--- Information supplied ---

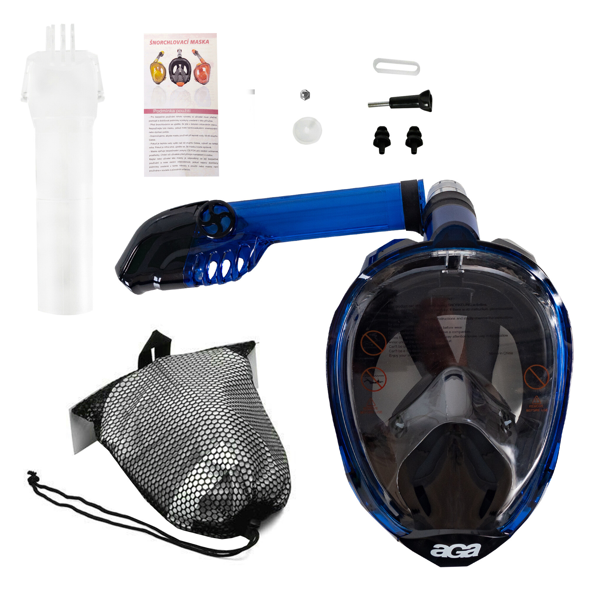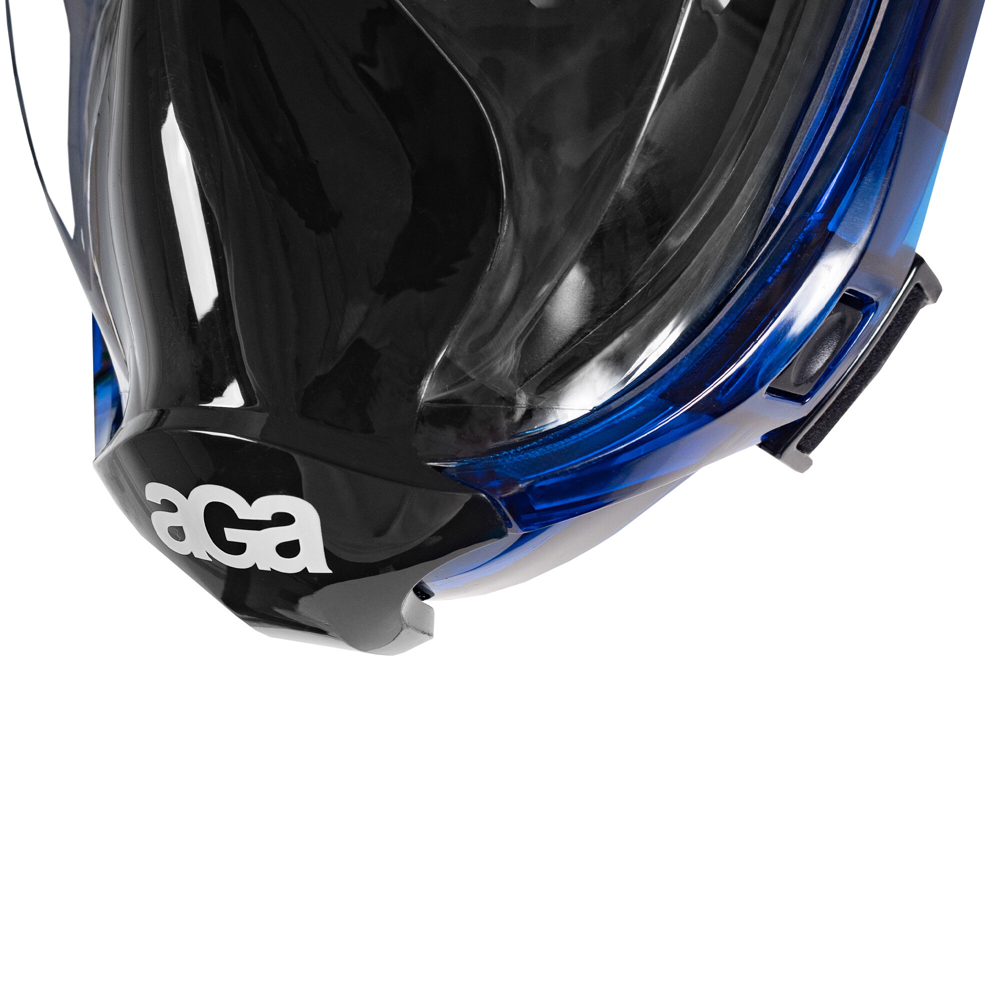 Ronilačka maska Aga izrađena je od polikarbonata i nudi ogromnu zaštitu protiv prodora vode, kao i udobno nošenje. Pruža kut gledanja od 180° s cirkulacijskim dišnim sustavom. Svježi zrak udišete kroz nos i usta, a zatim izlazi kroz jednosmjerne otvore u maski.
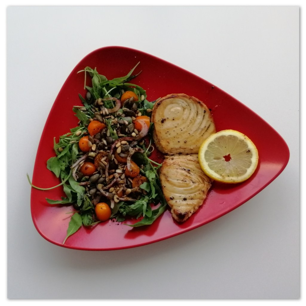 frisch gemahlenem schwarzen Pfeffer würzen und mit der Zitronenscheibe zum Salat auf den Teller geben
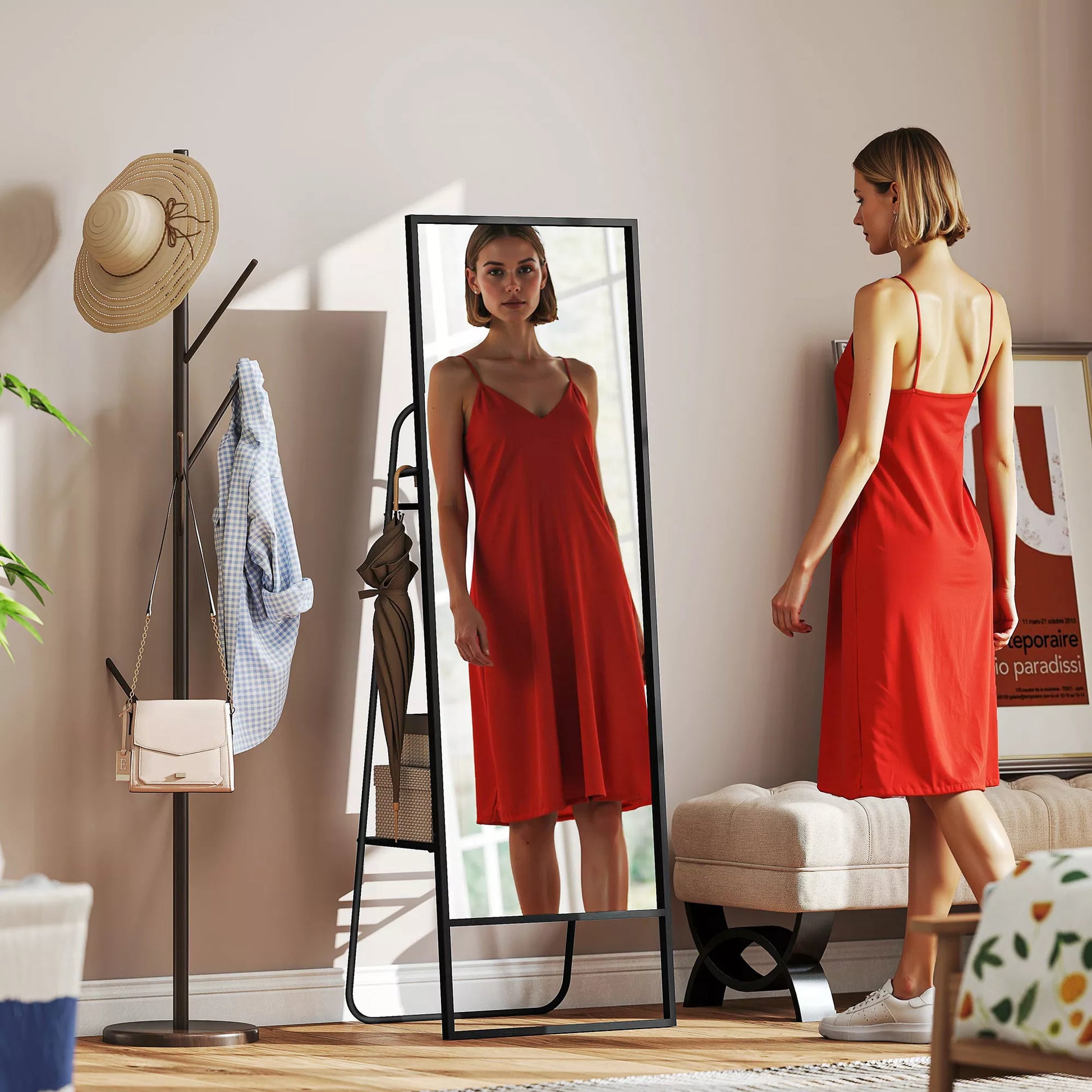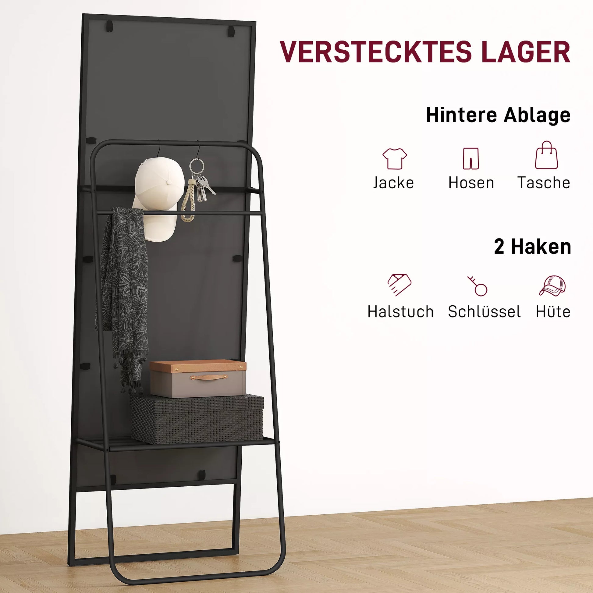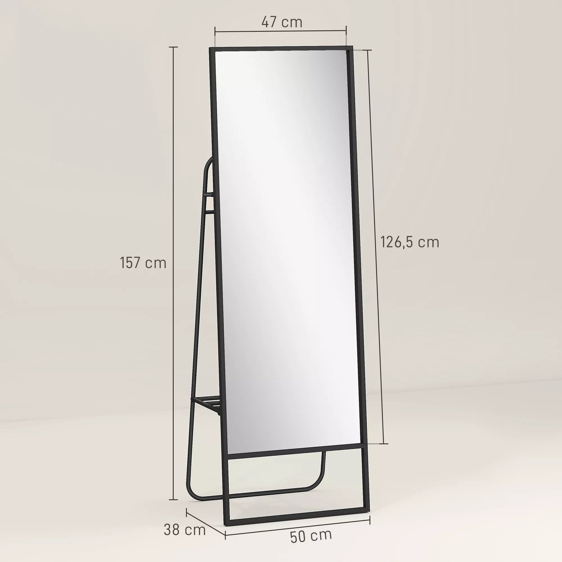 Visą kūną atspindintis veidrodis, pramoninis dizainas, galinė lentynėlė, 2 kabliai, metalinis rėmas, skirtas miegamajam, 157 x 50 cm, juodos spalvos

---

Your assignment: Exact copy, pictures removed: set down the whole listing above.

Exercise result:
 Ronilačka maska Aga izrađena je od polikarbonata i nudi ogromnu zaštitu protiv prodora vode, kao i udobno nošenje. Pruža kut gledanja od 180° s cirkulacijskim dišnim sustavom. Svježi zrak udišete kroz nos i usta, a zatim izlazi kroz jednosmjerne otvore u maski.
 frisch gemahlenem schwarzen Pfeffer würzen und mit der Zitronenscheibe zum Salat auf den Teller geben
 Visą kūną atspindintis veidrodis, pramoninis dizainas, galinė lentynėlė, 2 kabliai, metalinis rėmas, skirtas miegamajam, 157 x 50 cm, juodos spalvos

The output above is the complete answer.